City of Palo Alto Public Libray – Using Pesticides/Pyrethrins – What effect does this have on Children and Adults?

Rinconada Library closed because of bed bugs
City sends in bug-sniffing dogs to all local branches
library

by Palo Alto Weekly staff / Palo Alto Weekly

Palo Alto’s Rinconada Library is closed to allow a pest control company to treat a small area within the library where bed bugs were found during a canine inspection on Tuesday, Sept. 29. Photo by Veronica Weber.

The inspection was prompted after bed bugs were found on two chairs on the first floor of the Mitchell Park Library on Sept. 23.

The bed bugs discovered at the Rinconada branch on Newell Road were also found in two chairs within the library. The library will reopen at 10 a.m. on Thursday, Oct. 1.

Inspectors will treat the furniture and surrounding surfaces, and will return seven to 10 days after to ensure the treatment was successful.

Bed bugs are not an uncommon occurrence at libraries as they can be transported through the sharing of books, according to the city. Mitchell Park Library shares books within a large region and through the LinkAges system.
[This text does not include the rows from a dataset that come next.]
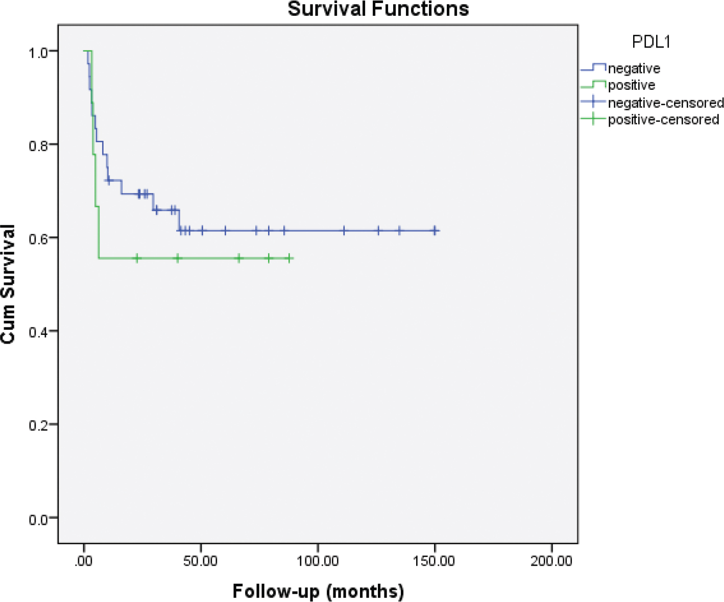 Median follow-up was 40 months (IQR: 22.9–72.5). Eleven (24.4%) patients had died of disease at the time of the analysis. Five-year CSS was 83 and 73% for PD-L1 negative and positive cases, respectively (log-rank P = 0.47) (Figure 2). Five-year RFS was 61.5 and 55.6% for PD-L1 negative and positive cases, respectively (log-rank P = 0.58) (Figure 3).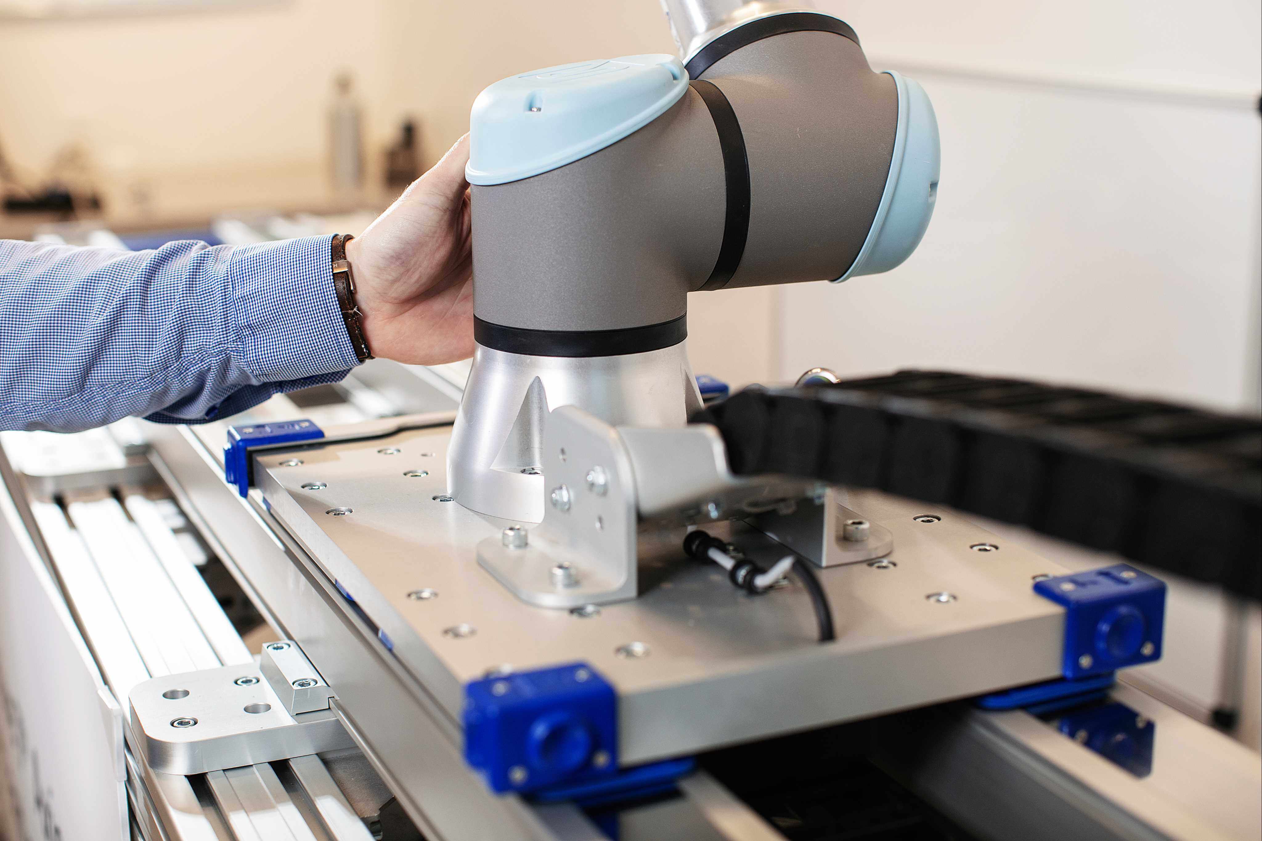 "Thomson Movotrak CTU可無縫擴展UR5機器人的使用范圍,無需額外學習。Freedrive功能可實現更快的編程和工位設置。"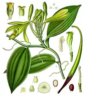 ![]() Vanilla planifolia. Ботаническая иллюстрация из книги Köhler’s Medizinal-Pflanzen, 1887 | ||||||||||||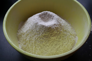 Imens måler man opp hvetemel og potetmel, bland dette godt sammen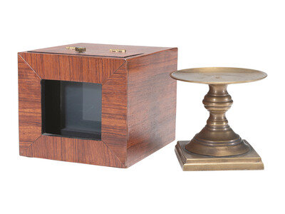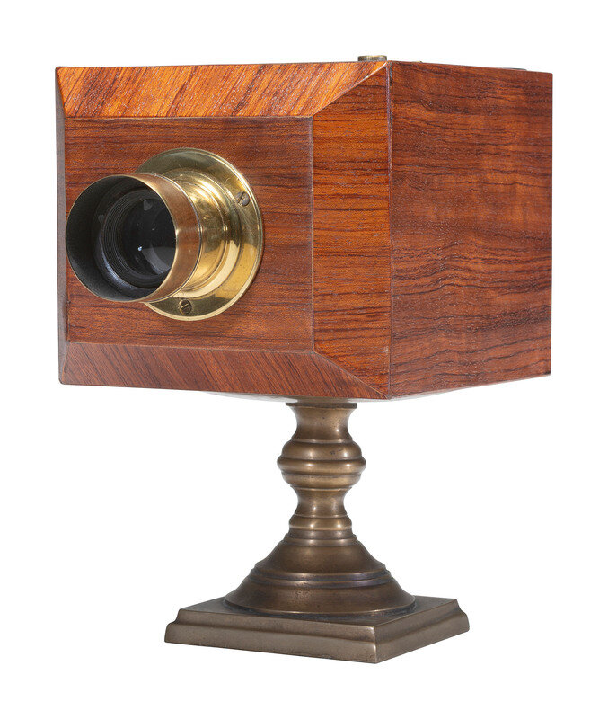 [CAMERAS]. Replica chamfered ninth plate daguerreotype camera with Gasc and Charconnet lens.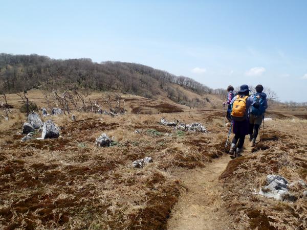 - 鞍掛トンネル西P ⇒25分⇒ 鞍掛峠 ⇒70分⇒ 鈴北岳 ⇒45分⇒ 御池岳 ⇒15分⇒ ボタンブチ ⇒15分⇒ 御池岳 ⇒40分⇒ 鈴北岳 ⇒60分⇒ 鞍掛トンネル西P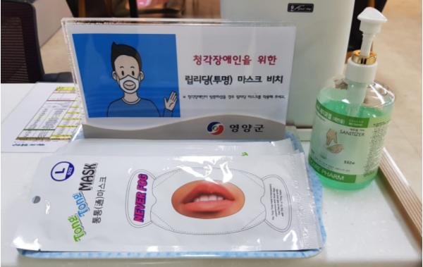 이에 영양군은 민원실을 방문하는 청각장애인과 창구담당직원이 서로 입모양을 보며 의사소통할 수 있는 립리딩 투명마스크를 구입·비치하여 민원편의를 도모하였다.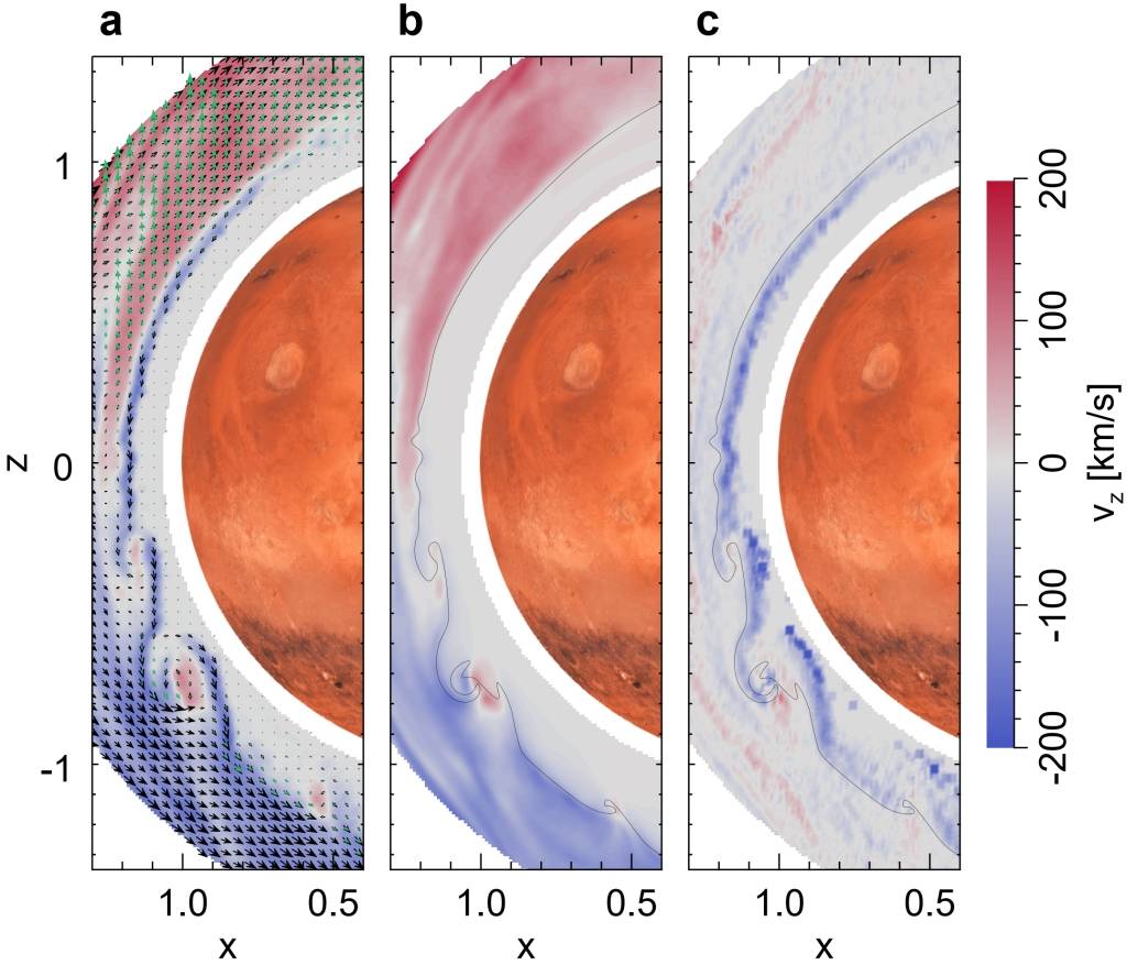 基于三维太阳风-火星相互作用的混合模拟程序,研究人员发现,KH波动起初在日下点附近被激发并呈准正弦位形。随着时间的推移,波动沿着-E方向发展,波长断增加,同时伴随着涡旋的产生,最后延伸到整个-E半球(图2)。这种半球不对称的波动周而复始地产生、演化。为了探究其物理机制,他们还研究了磁堆积边界附近的氢离子流场(如图3)。研究表明,在磁堆积边界附近,质子流速增强,方向主要沿着-E方向并几乎垂直于磁场。这个质子流剪切电离层,导致了KH不稳定性的产生。进一步研究表明,这个剪切流是由质子抗磁漂移运动造成的。磁层外的氧离子受太阳风电场的加速,沿着+E方向运动,同时拖曳磁场在+E半球堆积,从而导致该区域的磁场比-E半球更强(图2a)。由于热压梯度引起的漂移速度与磁场强度的倒数成正比,因此-E半球中的漂移速度更快。换句话说,两半球的磁场强度差异产生了指向-E半球的磁压力,在边界层中引起沿-E方向的质子流,并且其速度不断增加。上述解释也符合前人基于动量守恒所得到的基本认知:氧离子直接由电场加速朝+E方向运动,而质子则被推向相反的方向。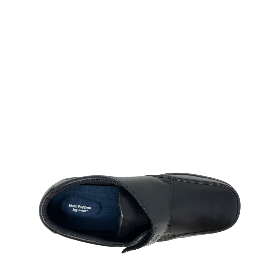 Zapatos escolares Luka para niño en color negro, con tecnología Bounce™. Su plantilla extraíble de alta memoria ofrece rebote de energía en cada paso, comodidad durante todo el día y recuperación de forma tras el uso, con buena durabilidad para la rutina escolar.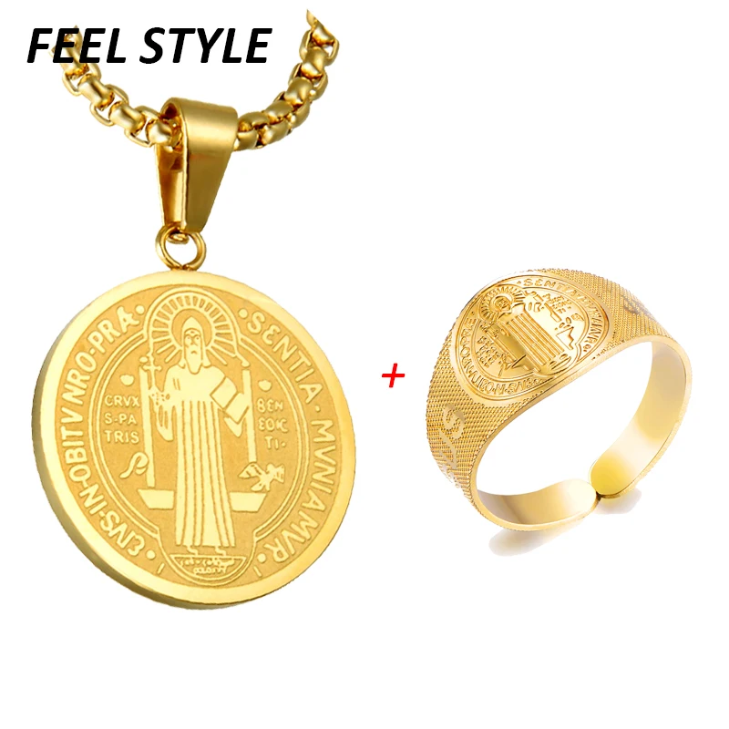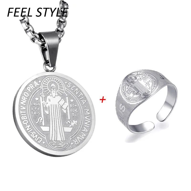 1 Набор Колье из нержавеющей стали с изображением медальона Святого Бенедикта, Иисуса Сан Бенито, Кулон, Ожерелье для мужчин, ювелирные изделия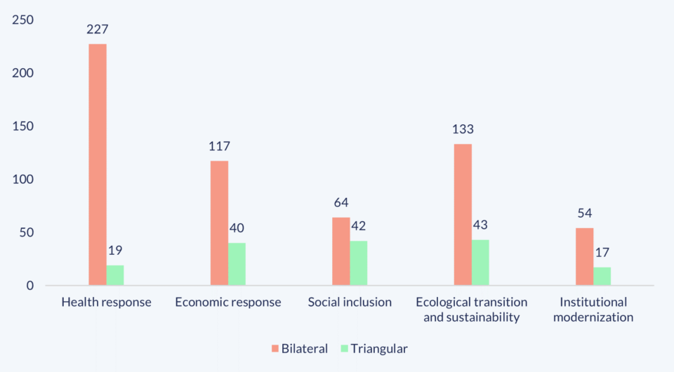 This exercise is carried out considering the 766 and 161 South-South and Triangular cooperation projects, respectively, which were implemented in Ibero-America in 2018 and 2019. The graph shows their distribution according to their potential contribution to the health, economic and social response which, in turn, is considered to be sustainable and that it contributes to improve those institutions that must be the backbone of all future action.

Four other city libraries were inspected, including the Children’s Library and College Terrace Library, which were free of bed bugs. The Downtown Library will be closed on Friday, Oct. 2, to allow for inspection and Mitchell Park Library will be reinspected next week.

On Monday, Assistant City Manager Suzanne Mason said the city is sending bug-sniffing dogs to all libraries “out of an abundance of caution.”

“This is a common protocol and we also asked the pest contractor to inspect recent book returns as well,” Mason said. “While we have not had this problem in our libraries before, it has become more common in the past five years in libraries around the country.”

Formerly known as Main Library, the Rinconada Library reopened to the public earlier this year after an extensive renovation and expansion. Both the Rinconada project and the newly built Mitchell Park branch were funded through a $76-million bond Palo Alto voters passed in 2008.

The canines will continue to inspect the libraries on an ongoing basis, according to the city.